I'm not really worried about it, just interested to see who's in the same boat. It does seem that Julia's one of the oldest kids in our group.

Quote:

_Originally posted by Claudette_ My older son quit nappies during the day in late February, he was 4 year 7 1/2 months - and had no special needs requiring nappies. In the end I actually had to just say to him, right, on Monday we're just going to use underwear, and if you have accidents, it's ok, but there will be no more nappies during the day. He didn't have any accidents...
That's really interesting, Claudette. We may have to try some underwear days during the summer, just to see how it goes.


----------



## hnybee (Sep 21, 2003)

I have to throw in my two cents. Both of my girls PTed fairly easy, but both times were during the summer. I would put them in a dress with no undies or diapers. We spent a lot of time outdoors (gotta love that california weather) that way if she had an accident (and trust me, there were many) it was totally okay. We even put a portable potty outside a couple of times. It was my friends suggestion and it worked great. She was so proud of herself when she would stop playing and run over to the potty.

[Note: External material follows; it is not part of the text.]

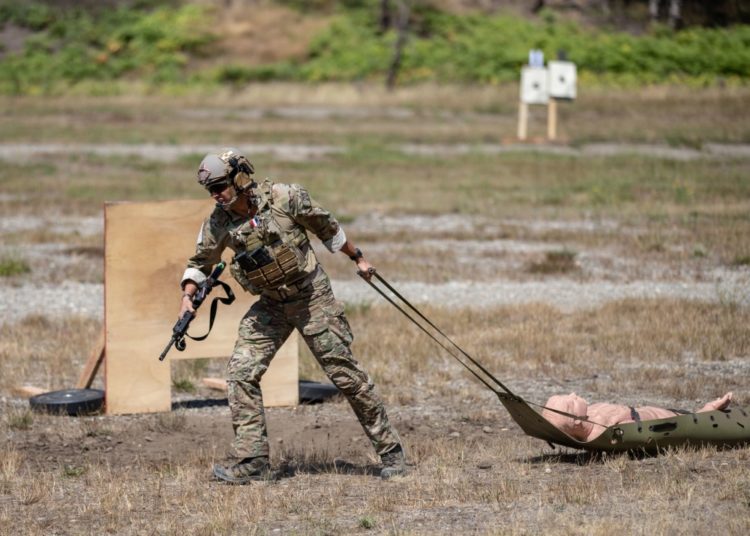 A U.S. Air Force Tactical Air Control Party (TACP) specialist pulls a dummy during the 2019 Lightning Challenge July 30, 2019 at Joint Base Lewis-McChord (JBLM), Wash. The Lightning Challenge aims to enhance TACP mission readiness, provide feedback concerning unit training effectiveness, and promote warrior spirit through friendly competition. The Lightning Challenge consisted of 20 two-man TACP teams competing to be recognized as best in the career field.

I think the more you stress about it the more they will stress about it. We had fun and celebrated when they finally "got it"









-Melissa-


----------



## pb_and_j (Feb 13, 2003)

Karen~ Parker was about 3.5 when he started using the potty. It has been recent (in the past couple months... he is 4 and 3 mo now) that he has almost stopped having accidents. Even when he was "potty trained" he would have accidents almost every day.







:

Don't ya wonder what goes on in their heads???


----------



## HoosierDiaperinMama (Sep 23, 2003)

Quote:

_Originally posted by Sasha_girl_
*Alexander will be 3 on May 14 and sounds just like your dd. I'm the only mom I know IRL who doesn't really care when he PT's, since he's got such pretty diapers. :LOL*
My DS won't be 3 until December and I'm with you...it doesn't bother me one bit!


----------